-- Opening Marker --

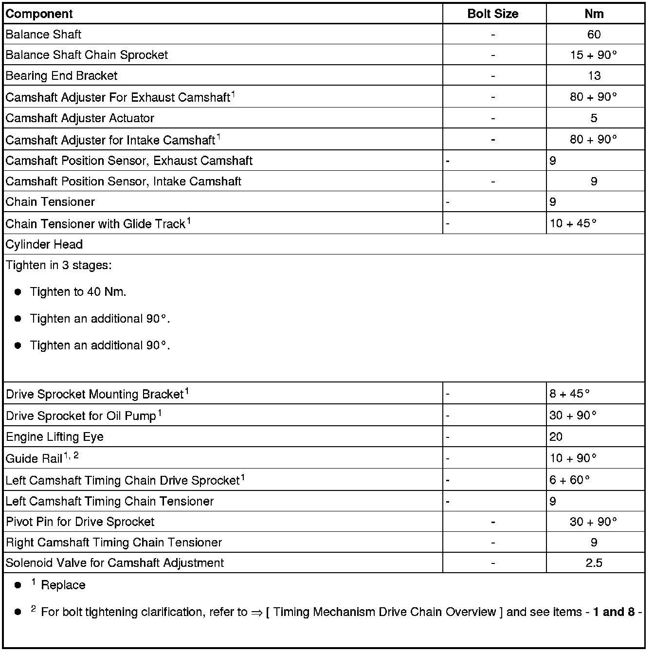 Cylinder Head, Valvetrain - Fastener Tightening Specifications
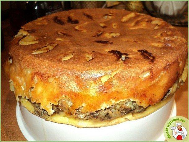 Заливной пирог с картофелем и сайрой
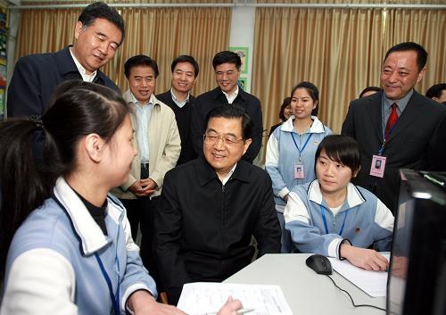 12月21日,中共中央總書記、國家主席、中央軍委主席在廣東省珠海市考察工作。這是在珠海市高級技工學校多媒體技術實訓室,親切勉勵學生刻苦學習,潛心鉆研,努力成為高素質技能型人才。 時值隆冬,南粵大地依然綠意盈盈、生機勃發。 中共中央總書記、國家主席、中央軍委主席在出席慶祝澳門回歸祖國10周年活動后,于12月20日至21日來到廣東省珠海市考察工作。 在中共中央政治局委員、廣東省委書記汪洋等陪同下,深入到企業、研發機構和技工學校,同當地干部群眾共商加快經濟發展方式轉變、提高自主創新能力、實現經濟平穩較快發展大計。 技能型人才在推進自主創新方面具有不可替代的重要作用。專門前往珠海市高級技工學校,親切看望師生,了解技能型人才培養和畢業生就業情況。 一間間實訓室里,學生們正在教師指導下學原理、學操作。在多媒體技術實訓室,同正在進行視頻剪輯練習的學生交談起來,詢問他們學了多長時間、有沒有掌握要領、對學習條件是不是滿意。得知不少學生來自廣東貧困山區,學校免除了他們的學習費用,總書記十分欣慰,叮囑他們一定要珍惜機會、好好學習。在電子測試實訓室,正在這里接受培訓的幾名退役士兵向總書記匯報了自己的學習情況,勉勵他們發揚部隊優良傳統,不斷提高就業本領,更好地適應社會需要。面對圍攏在身邊的技校學生,語重心長地說,沒有一流的技工,就沒有一流的產品。現在我國技術工人特別是高級技工非常匱乏。希望同學們刻苦學習文化科學知識,潛心鉆研專業技能,努力成為高素質技能型人才。 63歲的瑙石是摩天宇中德職業培訓中心的一名德國籍教員。在該中心設在技工學校的實習工廠里,同瑙石親切交談,關切地詢問他在華工作、生活情況,感謝他為推動中國職業技術教育、為增進中德兩國人民友誼作出的貢獻。走到一臺臺機床前,一邊聽介紹,一邊觀看學生操作,還拿起銼刀,親自銼起一個零件。總書記熟練的動作,引來一片熱烈的掌聲。 臨行時,技工學校的師生們擁到路邊,激動地向總書記問好。掌聲、歡呼聲在校園里久久回蕩。
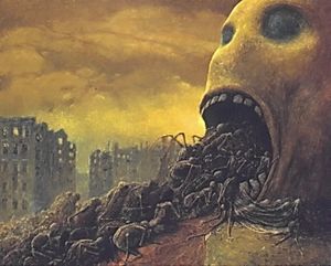 Ну, короче, иду я такой, короче, и вижу: передо мной человек в одежде, а лица нет. И говорит «Дай выпить!». Я думаю «Вот, блин, нажрался, что чудища всякие мерещатся…» и ему в ответ: «Да пошёл ты!» И он, короче, реально куда-то пошёл. Вернулся с какими-то вообще адскими зверскими мутантами, по сравнению с которыми он… ну не знаю… няша. И они мне всей толпой говорят: «Дай выпить!». А я им: «Ну реально, ребята, ну войдите в мое положение, ну нет у меня столько бухла, ну реально…». А он таким чётким, ледяным голосом заявляет: «Я вначале для себя для одного просил, а ты меня послал за друзьями сходить. Так что сам виноват». Я, короче, такой хватаю рацию и зову своих друзей, чтобы бухла принесли. Так вот, мутанты выпили обе канистры водки на девятерых, начали водить хороводы и петь частушки. Я запомнил только эту:
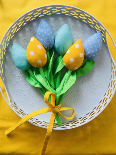 Materiał użyty do uszycia tulipana jest w 100% bawełniany, czyli naturalny, oddychający i miły w dotyku, a jego wnętrze wypełnione jest antyalergiczną kulką silikonową.
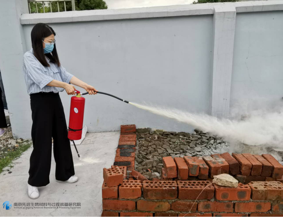 講解結束后,由安全員盧康帶隊,大家依次進行了滅火器使用實操訓練。
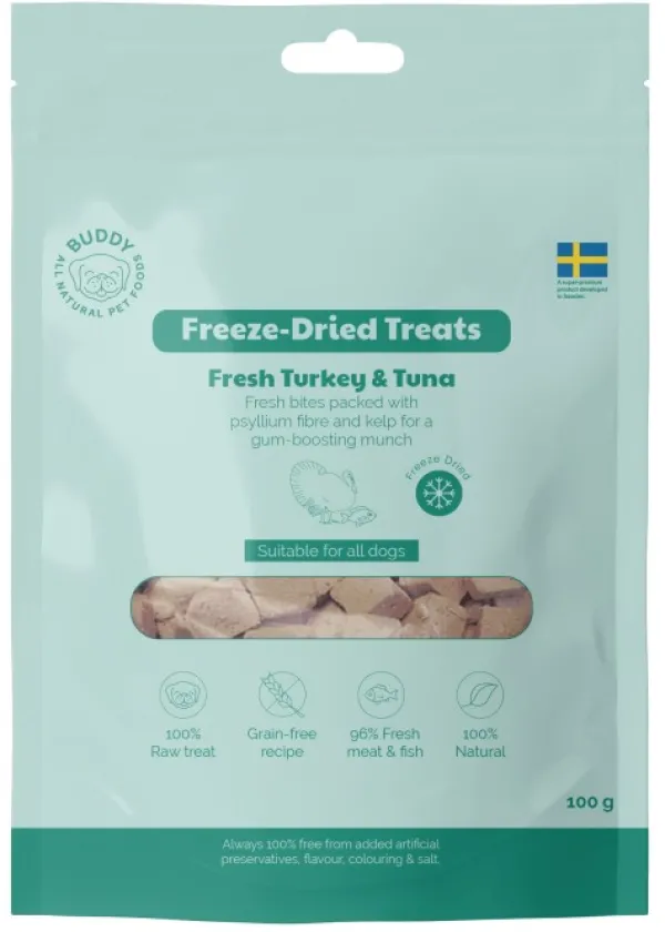 Tarjoa koirallesi makuelämys Buddy Freeze Dried Treats Raw -herkkujen muodossa, joissa on kalkkunan ja tonnikalan makua. Nämä Buddy-merkin pakastekuivatut herkut sisältävät suuren osan tuoretta kalkkunan- ja tonnikalanlihaa.
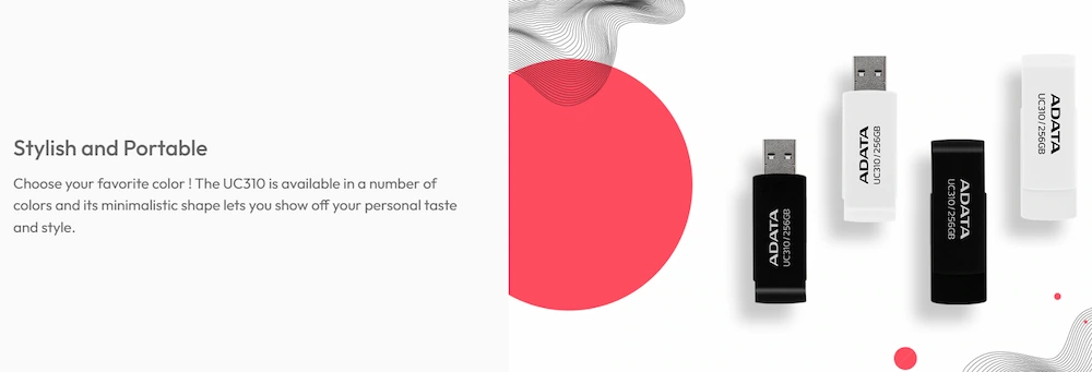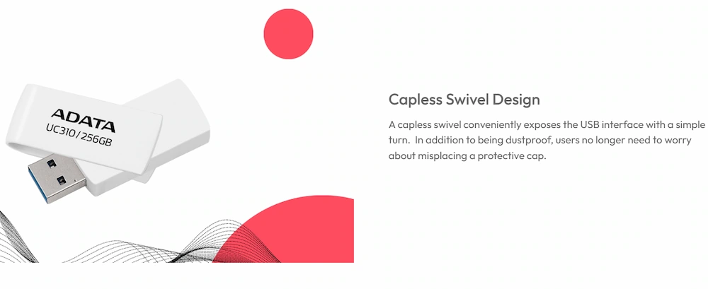 فلش UC310 با بدنهای از پلاستیک فشرده و دوامبالا ساخته شده است. طراحی چرخشی بدون درپوش (Capless Swivel) باعث میشود پوشش پورت USB بهسادگی و با یک چرخش باز یا بسته شود، بدون آنکه کاربر نگران گمکردن درپوش باشد. ابعاد 58 × 20 × 13 میلیمتر و وزن 9 گرم آن، حمل و استفاده را بسیار آسان کرده است. در چند رنگ متنوع عرضه میشود تا با سلیقههای مختلف سازگار باشد.
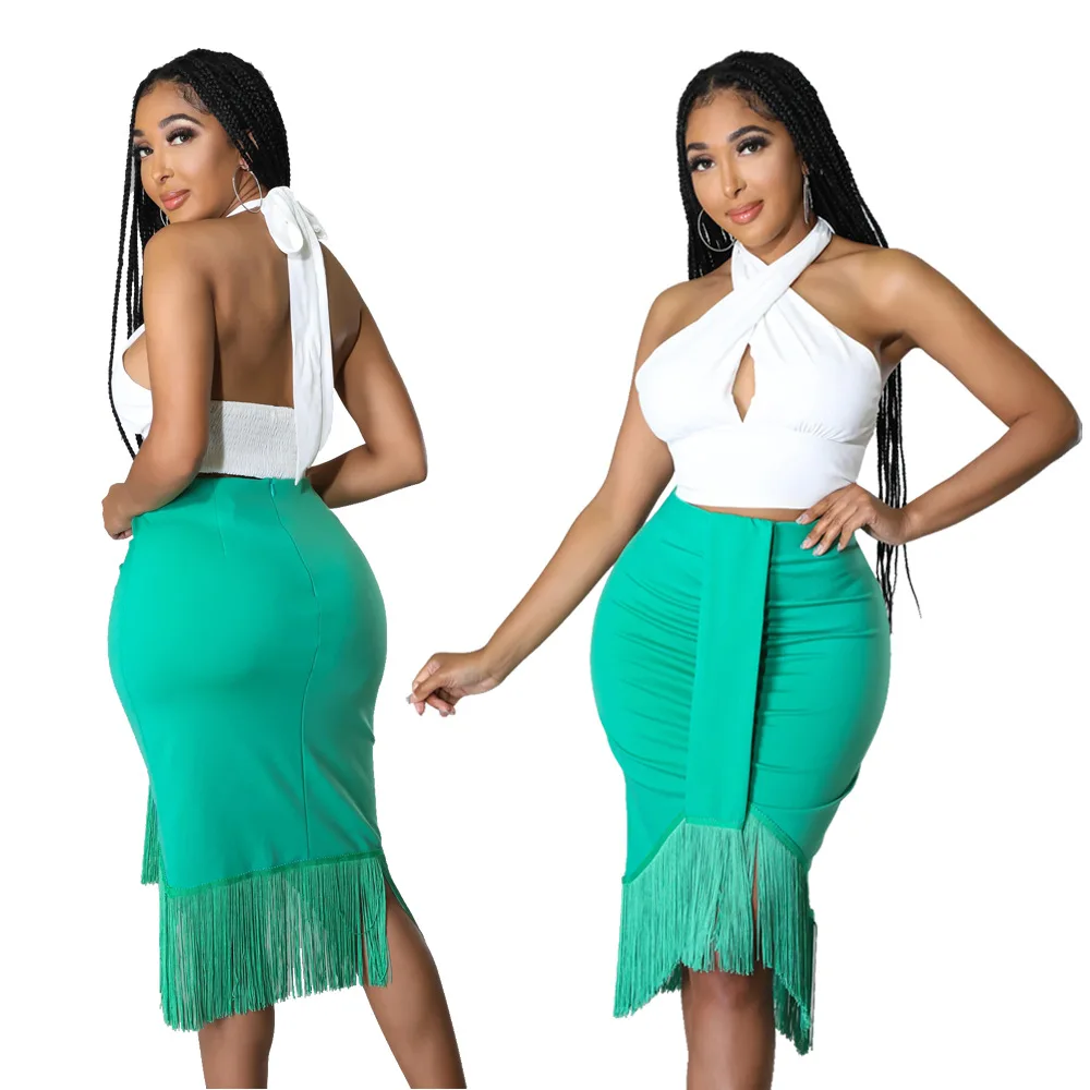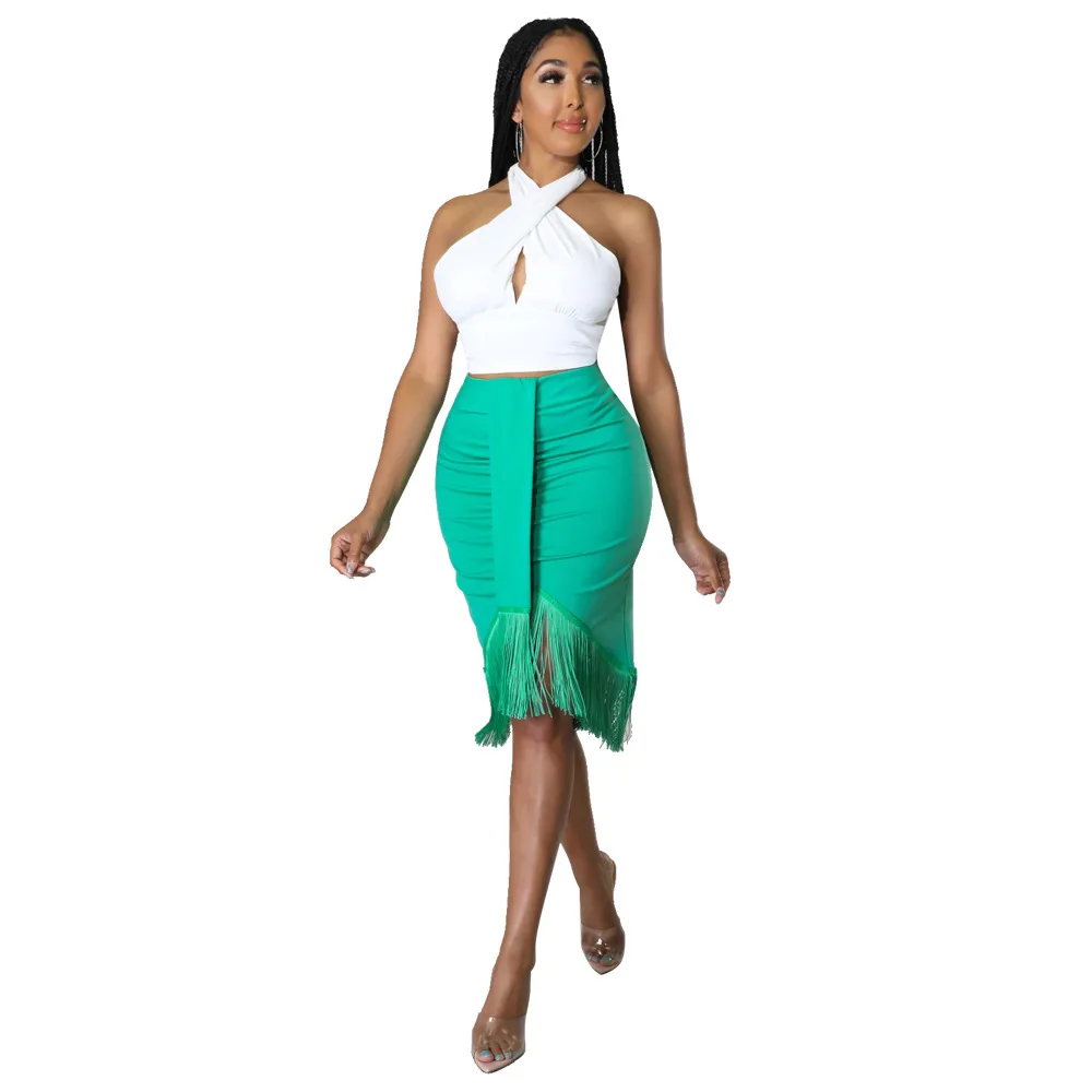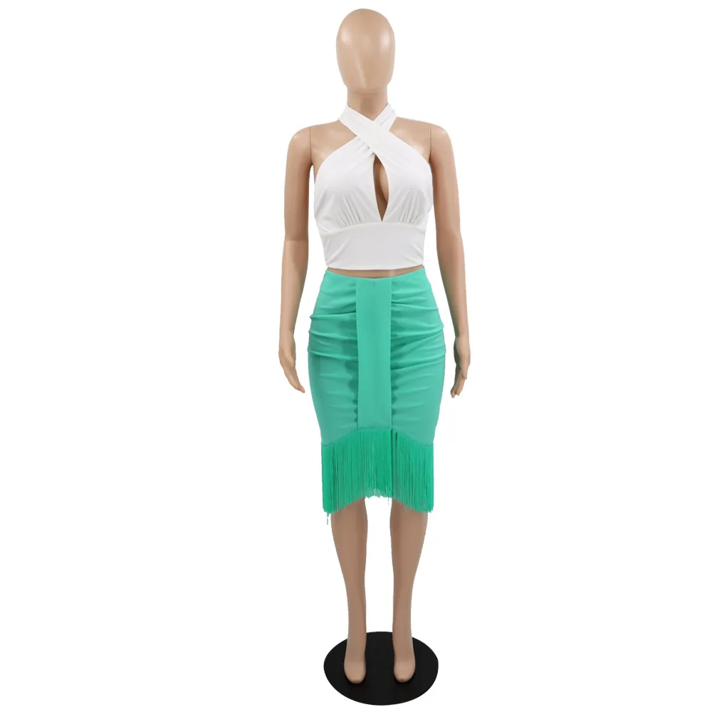 Name | 2023 Summer Sexy African Sleeveless Polyester 2 Pieces Top Skirt Matching Sets African Clothes for Women African Clothing |

-- Closing Marker --

→ **Problem to solve**:
Return every record exactly. Pictures stay out.

→ **Your response**:
 Cylinder Head, Valvetrain - Fastener Tightening Specifications
 Заливной пирог с картофелем и сайрой
 12月21日,中共中央總書記、國家主席、中央軍委主席在廣東省珠海市考察工作。這是在珠海市高級技工學校多媒體技術實訓室,親切勉勵學生刻苦學習,潛心鉆研,努力成為高素質技能型人才。 時值隆冬,南粵大地依然綠意盈盈、生機勃發。 中共中央總書記、國家主席、中央軍委主席在出席慶祝澳門回歸祖國10周年活動后,于12月20日至21日來到廣東省珠海市考察工作。 在中共中央政治局委員、廣東省委書記汪洋等陪同下,深入到企業、研發機構和技工學校,同當地干部群眾共商加快經濟發展方式轉變、提高自主創新能力、實現經濟平穩較快發展大計。 技能型人才在推進自主創新方面具有不可替代的重要作用。專門前往珠海市高級技工學校,親切看望師生,了解技能型人才培養和畢業生就業情況。 一間間實訓室里,學生們正在教師指導下學原理、學操作。在多媒體技術實訓室,同正在進行視頻剪輯練習的學生交談起來,詢問他們學了多長時間、有沒有掌握要領、對學習條件是不是滿意。得知不少學生來自廣東貧困山區,學校免除了他們的學習費用,總書記十分欣慰,叮囑他們一定要珍惜機會、好好學習。在電子測試實訓室,正在這里接受培訓的幾名退役士兵向總書記匯報了自己的學習情況,勉勵他們發揚部隊優良傳統,不斷提高就業本領,更好地適應社會需要。面對圍攏在身邊的技校學生,語重心長地說,沒有一流的技工,就沒有一流的產品。現在我國技術工人特別是高級技工非常匱乏。希望同學們刻苦學習文化科學知識,潛心鉆研專業技能,努力成為高素質技能型人才。 63歲的瑙石是摩天宇中德職業培訓中心的一名德國籍教員。在該中心設在技工學校的實習工廠里,同瑙石親切交談,關切地詢問他在華工作、生活情況,感謝他為推動中國職業技術教育、為增進中德兩國人民友誼作出的貢獻。走到一臺臺機床前,一邊聽介紹,一邊觀看學生操作,還拿起銼刀,親自銼起一個零件。總書記熟練的動作,引來一片熱烈的掌聲。 臨行時,技工學校的師生們擁到路邊,激動地向總書記問好。掌聲、歡呼聲在校園里久久回蕩。
 Ну, короче, иду я такой, короче, и вижу: передо мной человек в одежде, а лица нет. И говорит «Дай выпить!». Я думаю «Вот, блин, нажрался, что чудища всякие мерещатся…» и ему в ответ: «Да пошёл ты!» И он, короче, реально куда-то пошёл. Вернулся с какими-то вообще адскими зверскими мутантами, по сравнению с которыми он… ну не знаю… няша. И они мне всей толпой говорят: «Дай выпить!». А я им: «Ну реально, ребята, ну войдите в мое положение, ну нет у меня столько бухла, ну реально…». А он таким чётким, ледяным голосом заявляет: «Я вначале для себя для одного просил, а ты меня послал за друзьями сходить. Так что сам виноват». Я, короче, такой хватаю рацию и зову своих друзей, чтобы бухла принесли. Так вот, мутанты выпили обе канистры водки на девятерых, начали водить хороводы и петь частушки. Я запомнил только эту:
 Materiał użyty do uszycia tulipana jest w 100% bawełniany, czyli naturalny, oddychający i miły w dotyku, a jego wnętrze wypełnione jest antyalergiczną kulką silikonową.
 講解結束后,由安全員盧康帶隊,大家依次進行了滅火器使用實操訓練。
 Tarjoa koirallesi makuelämys Buddy Freeze Dried Treats Raw -herkkujen muodossa, joissa on kalkkunan ja tonnikalan makua. Nämä Buddy-merkin pakastekuivatut herkut sisältävät suuren osan tuoretta kalkkunan- ja tonnikalanlihaa.
 فلش UC310 با بدنهای از پلاستیک فشرده و دوامبالا ساخته شده است. طراحی چرخشی بدون درپوش (Capless Swivel) باعث میشود پوشش پورت USB بهسادگی و با یک چرخش باز یا بسته شود، بدون آنکه کاربر نگران گمکردن درپوش باشد. ابعاد 58 × 20 × 13 میلیمتر و وزن 9 گرم آن، حمل و استفاده را بسیار آسان کرده است. در چند رنگ متنوع عرضه میشود تا با سلیقههای مختلف سازگار باشد.
 Name | 2023 Summer Sexy African Sleeveless Polyester 2 Pieces Top Skirt Matching Sets African Clothes for Women African Clothing |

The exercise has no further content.